PROBLEM STATEMENT
Nothing outside the stretch is wanted. Repeat exactly the lines of the listing below from the one that contains "Detská postieľka od" through the one that contains "Genom att klicka", both ends included.

DATA EXTRACTS
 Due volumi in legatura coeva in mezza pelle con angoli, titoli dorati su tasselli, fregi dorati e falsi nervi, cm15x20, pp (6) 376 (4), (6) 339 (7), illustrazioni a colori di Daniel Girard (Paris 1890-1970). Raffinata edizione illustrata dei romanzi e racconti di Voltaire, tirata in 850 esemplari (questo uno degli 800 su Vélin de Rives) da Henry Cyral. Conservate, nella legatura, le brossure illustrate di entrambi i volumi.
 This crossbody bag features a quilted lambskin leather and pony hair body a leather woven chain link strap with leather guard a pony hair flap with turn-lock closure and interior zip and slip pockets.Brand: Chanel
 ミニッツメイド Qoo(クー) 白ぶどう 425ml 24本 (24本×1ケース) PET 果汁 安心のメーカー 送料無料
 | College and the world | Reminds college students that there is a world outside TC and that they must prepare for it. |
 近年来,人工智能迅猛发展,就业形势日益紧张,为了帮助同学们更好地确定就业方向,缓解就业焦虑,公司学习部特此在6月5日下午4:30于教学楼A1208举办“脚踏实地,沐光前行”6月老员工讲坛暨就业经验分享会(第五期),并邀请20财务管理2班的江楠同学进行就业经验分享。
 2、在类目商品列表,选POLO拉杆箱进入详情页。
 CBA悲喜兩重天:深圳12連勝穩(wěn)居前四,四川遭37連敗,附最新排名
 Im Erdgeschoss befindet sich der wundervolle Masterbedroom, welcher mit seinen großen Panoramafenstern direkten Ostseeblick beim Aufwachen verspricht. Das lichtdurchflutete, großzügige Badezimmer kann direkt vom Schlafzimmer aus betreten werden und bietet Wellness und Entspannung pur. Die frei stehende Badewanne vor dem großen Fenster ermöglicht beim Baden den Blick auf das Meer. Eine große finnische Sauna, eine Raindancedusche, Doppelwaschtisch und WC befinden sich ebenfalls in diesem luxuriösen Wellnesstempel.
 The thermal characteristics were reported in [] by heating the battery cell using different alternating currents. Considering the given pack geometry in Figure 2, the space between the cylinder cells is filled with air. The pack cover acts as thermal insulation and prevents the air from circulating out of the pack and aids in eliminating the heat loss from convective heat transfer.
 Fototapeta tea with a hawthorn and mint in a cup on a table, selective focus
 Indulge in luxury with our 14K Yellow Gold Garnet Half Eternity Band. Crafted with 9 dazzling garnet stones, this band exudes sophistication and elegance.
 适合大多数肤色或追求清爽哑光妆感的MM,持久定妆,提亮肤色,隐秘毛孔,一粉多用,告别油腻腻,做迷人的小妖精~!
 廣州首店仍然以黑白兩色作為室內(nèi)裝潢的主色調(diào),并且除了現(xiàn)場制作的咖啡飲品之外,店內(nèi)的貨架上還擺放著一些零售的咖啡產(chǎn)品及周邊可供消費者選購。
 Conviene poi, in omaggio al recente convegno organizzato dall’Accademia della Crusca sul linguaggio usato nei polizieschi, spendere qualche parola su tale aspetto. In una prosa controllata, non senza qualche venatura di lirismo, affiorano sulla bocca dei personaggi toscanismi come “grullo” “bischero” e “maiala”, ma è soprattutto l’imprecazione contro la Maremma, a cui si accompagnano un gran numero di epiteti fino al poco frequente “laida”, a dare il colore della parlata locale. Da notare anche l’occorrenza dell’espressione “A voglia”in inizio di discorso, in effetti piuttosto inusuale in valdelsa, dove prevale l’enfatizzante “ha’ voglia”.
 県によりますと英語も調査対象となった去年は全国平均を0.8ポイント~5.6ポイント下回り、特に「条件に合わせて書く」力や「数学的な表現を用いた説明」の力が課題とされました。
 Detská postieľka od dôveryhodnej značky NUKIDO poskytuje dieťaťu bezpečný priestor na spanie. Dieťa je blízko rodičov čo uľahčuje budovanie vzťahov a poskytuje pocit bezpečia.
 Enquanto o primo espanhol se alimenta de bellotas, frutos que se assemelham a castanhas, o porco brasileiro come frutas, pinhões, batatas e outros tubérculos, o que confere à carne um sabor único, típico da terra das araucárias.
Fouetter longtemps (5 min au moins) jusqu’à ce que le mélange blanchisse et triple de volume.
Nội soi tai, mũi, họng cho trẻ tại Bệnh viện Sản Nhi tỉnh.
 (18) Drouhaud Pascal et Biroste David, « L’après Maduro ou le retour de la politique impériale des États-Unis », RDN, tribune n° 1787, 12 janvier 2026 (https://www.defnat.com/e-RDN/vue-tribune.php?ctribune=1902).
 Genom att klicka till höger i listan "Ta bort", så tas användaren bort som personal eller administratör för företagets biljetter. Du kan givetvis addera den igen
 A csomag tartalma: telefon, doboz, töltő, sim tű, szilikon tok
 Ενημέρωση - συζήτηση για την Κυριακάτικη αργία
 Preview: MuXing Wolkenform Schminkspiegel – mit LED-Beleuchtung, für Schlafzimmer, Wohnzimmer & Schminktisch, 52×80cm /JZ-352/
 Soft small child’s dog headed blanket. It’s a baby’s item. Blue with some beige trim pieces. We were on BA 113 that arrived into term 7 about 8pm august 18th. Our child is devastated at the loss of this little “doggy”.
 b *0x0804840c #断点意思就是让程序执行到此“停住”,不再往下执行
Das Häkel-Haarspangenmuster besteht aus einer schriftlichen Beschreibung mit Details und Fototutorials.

RESPONSE BOX
 Detská postieľka od dôveryhodnej značky NUKIDO poskytuje dieťaťu bezpečný priestor na spanie. Dieťa je blízko rodičov čo uľahčuje budovanie vzťahov a poskytuje pocit bezpečia.
 Enquanto o primo espanhol se alimenta de bellotas, frutos que se assemelham a castanhas, o porco brasileiro come frutas, pinhões, batatas e outros tubérculos, o que confere à carne um sabor único, típico da terra das araucárias.
Fouetter longtemps (5 min au moins) jusqu’à ce que le mélange blanchisse et triple de volume.
Nội soi tai, mũi, họng cho trẻ tại Bệnh viện Sản Nhi tỉnh.
 (18) Drouhaud Pascal et Biroste David, « L’après Maduro ou le retour de la politique impériale des États-Unis », RDN, tribune n° 1787, 12 janvier 2026 (https://www.defnat.com/e-RDN/vue-tribune.php?ctribune=1902).
 Genom att klicka till höger i listan "Ta bort", så tas användaren bort som personal eller administratör för företagets biljetter. Du kan givetvis addera den igen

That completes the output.